Retype the data that follows line by line, exactly, and leave its pictures out.

Data extract:
▼▼▼

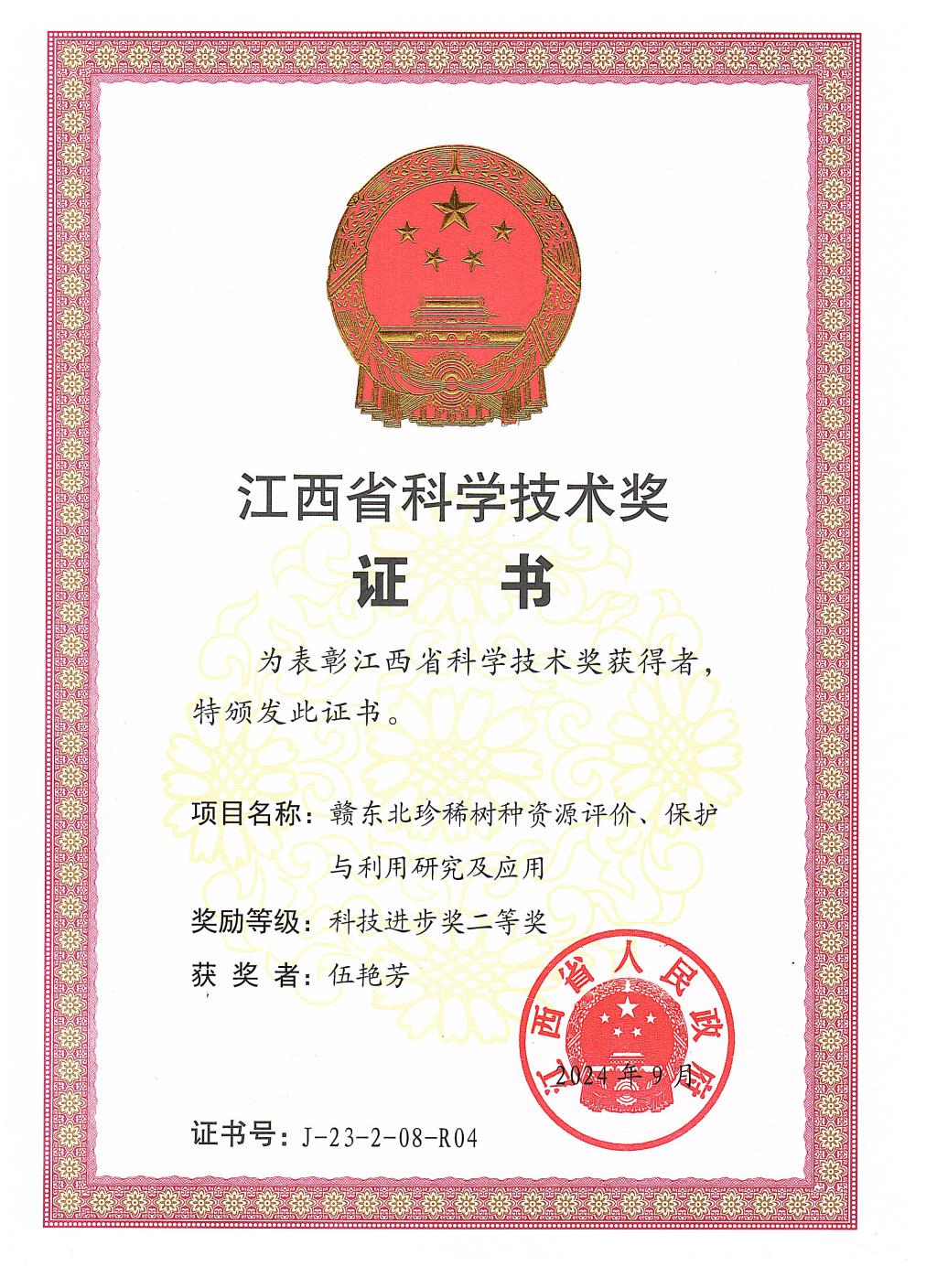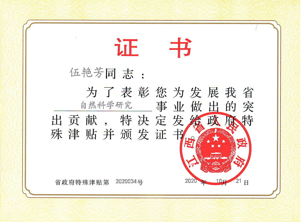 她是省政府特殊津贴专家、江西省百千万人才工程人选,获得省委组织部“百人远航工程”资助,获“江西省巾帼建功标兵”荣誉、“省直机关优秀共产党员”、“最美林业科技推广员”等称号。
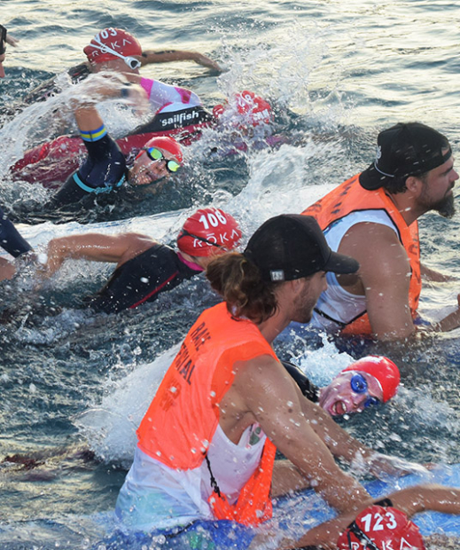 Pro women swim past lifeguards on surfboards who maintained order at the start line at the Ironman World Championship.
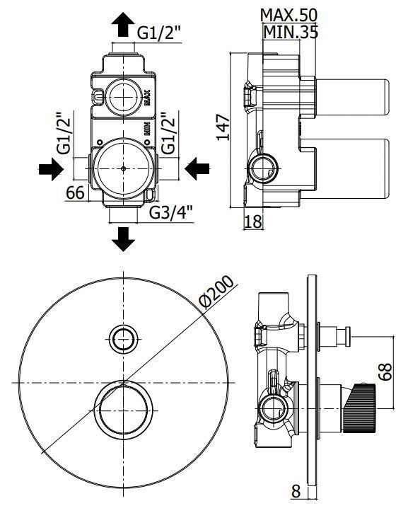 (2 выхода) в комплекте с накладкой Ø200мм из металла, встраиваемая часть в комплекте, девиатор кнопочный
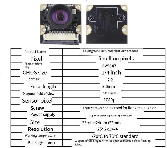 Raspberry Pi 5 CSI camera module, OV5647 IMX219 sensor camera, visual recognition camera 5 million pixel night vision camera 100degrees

▲▲▲

Exercise response:
 她是省政府特殊津贴专家、江西省百千万人才工程人选,获得省委组织部“百人远航工程”资助,获“江西省巾帼建功标兵”荣誉、“省直机关优秀共产党员”、“最美林业科技推广员”等称号。
 Pro women swim past lifeguards on surfboards who maintained order at the start line at the Ironman World Championship.
 (2 выхода) в комплекте с накладкой Ø200мм из металла, встраиваемая часть в комплекте, девиатор кнопочный
 Raspberry Pi 5 CSI camera module, OV5647 IMX219 sensor camera, visual recognition camera 5 million pixel night vision camera 100degrees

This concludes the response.